Before the acquisition had even been finalized, Roza convened the first CrossFit community summit, renting out space in Boulder’s St Julien Hotel & Spa and inviting athletes and gym owners to participate in three days of conversations about fitness, competition, and ways to make CrossFit more inclusive. The company now has a 10-person diversity, equity, and inclusion council composed of gym owners, coaches, and athletes. “I didn’t see Glassman do any of that,” says Rayvan Hawkins, an Aurora firefighter who competed in the 2018 CrossFit Games. “For Eric to come in and do that, it shows me as a minority that he’s trying to change things.” Hundreds of gyms have re-affiliated, including many that had dropped out before last summer’s turmoil. No athletes ended up boycotting the CrossFit Games, and corporate sponsors including NoBull and LifeAid have signed back on.
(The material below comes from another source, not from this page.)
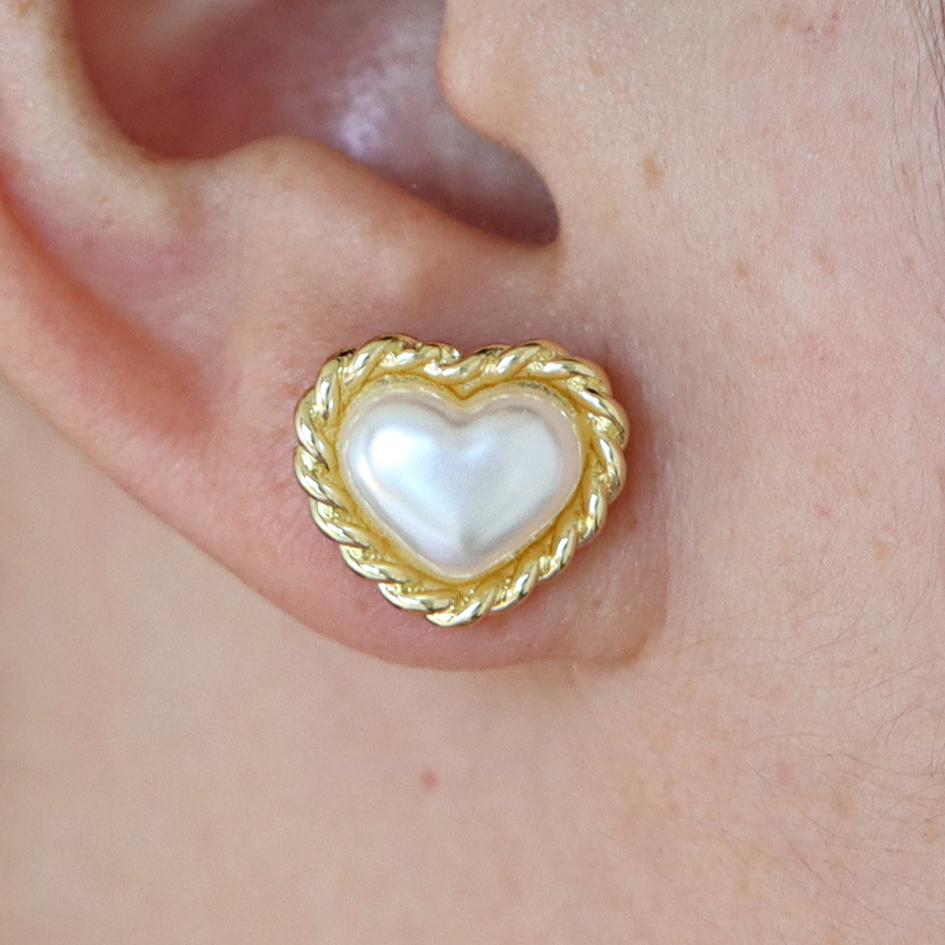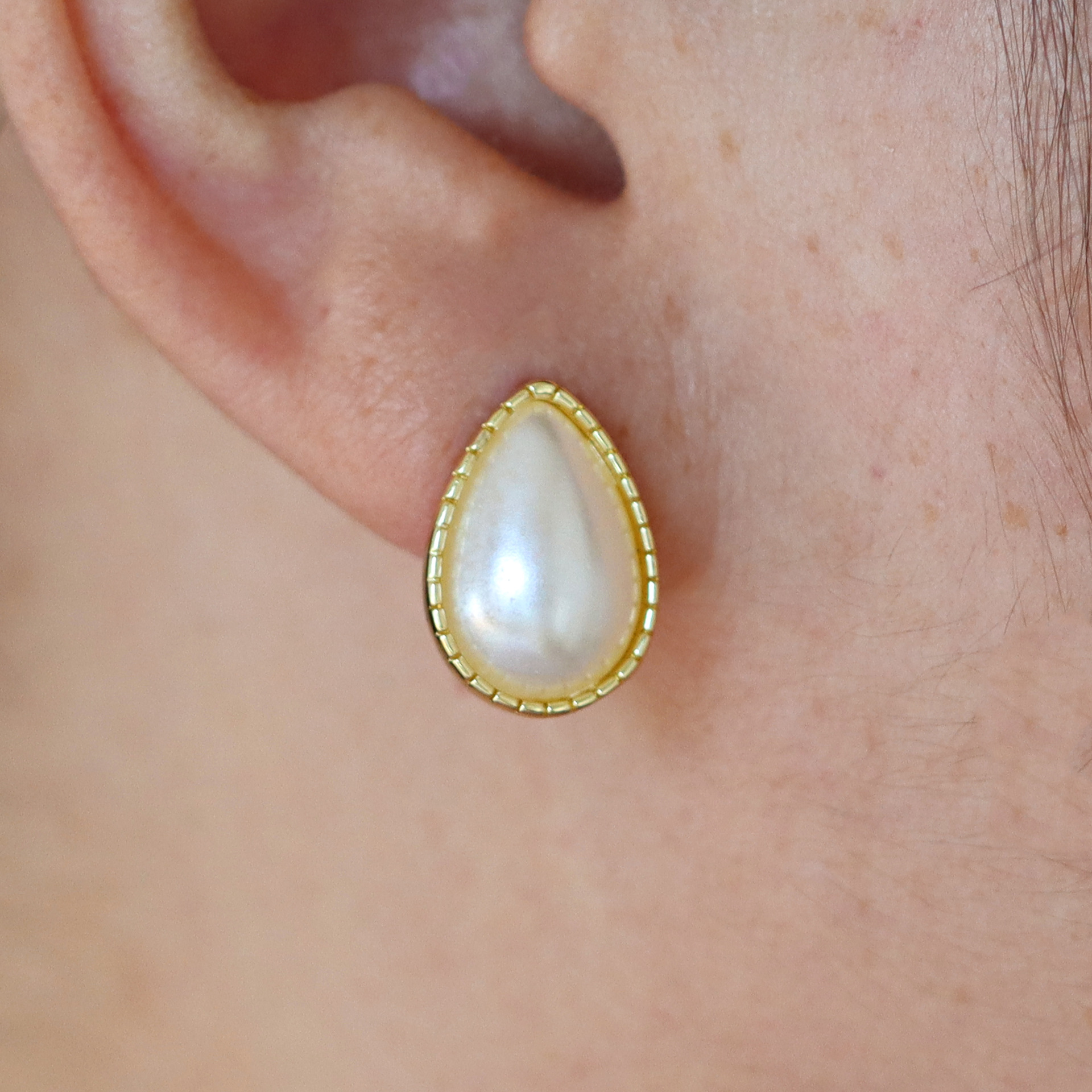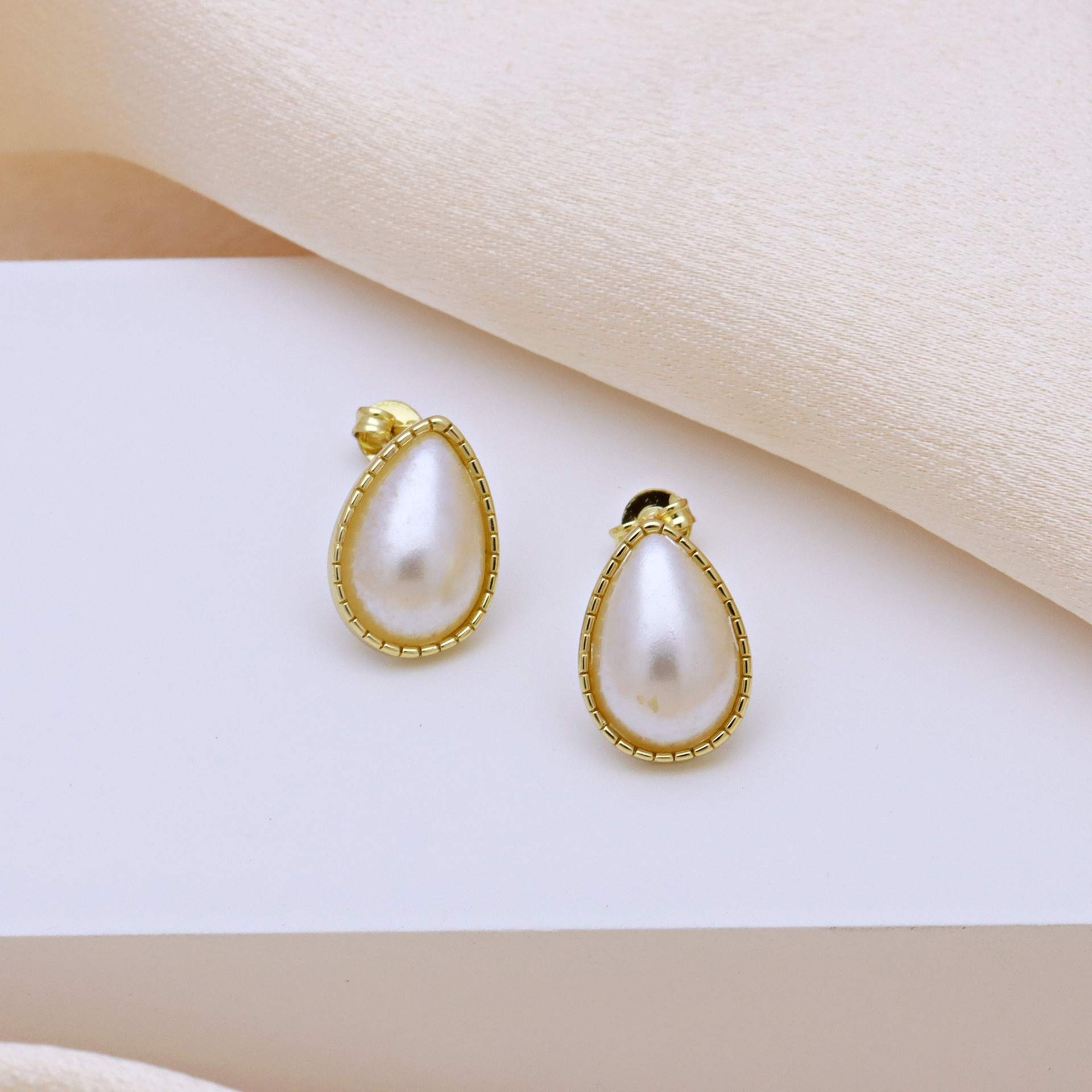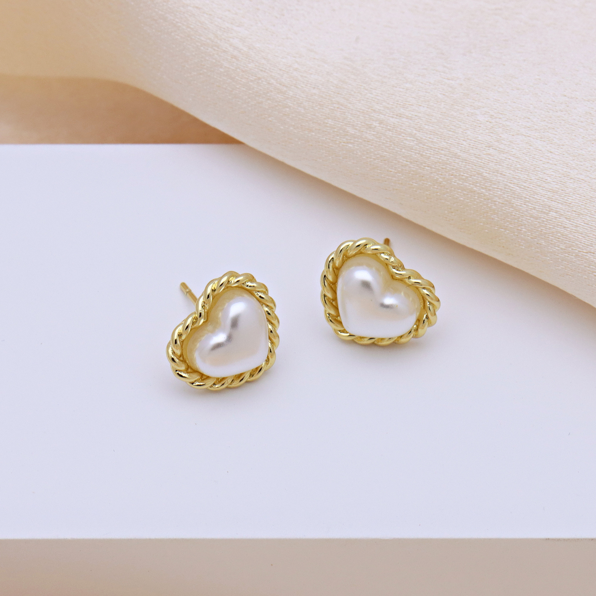 arete de latón, metal, con Perlas plásticas, chapado en color dorado, diferentes estilos para la opción & para mujer, más colores para la opción, Vendido por Par

Chad Pinther, the owner of Colfax Strong, a CrossFit affiliate in Denver, believes Roza is chasing the same goal that Glassman pursued: helping more people get fit. “But [he’s] getting people to come together, talk about it, agree on it,” Pinther says, “instead of being confrontational and saying, ‘Screw you.’”
Roza plans to lead the company for years and has set a goal of transforming 100 million lives with CrossFit during his tenure. He wants to expand its international reach and make CrossFit more accessible to underserved populations. What started in an airplane hangar more than a decade ago now appears to be lifting off.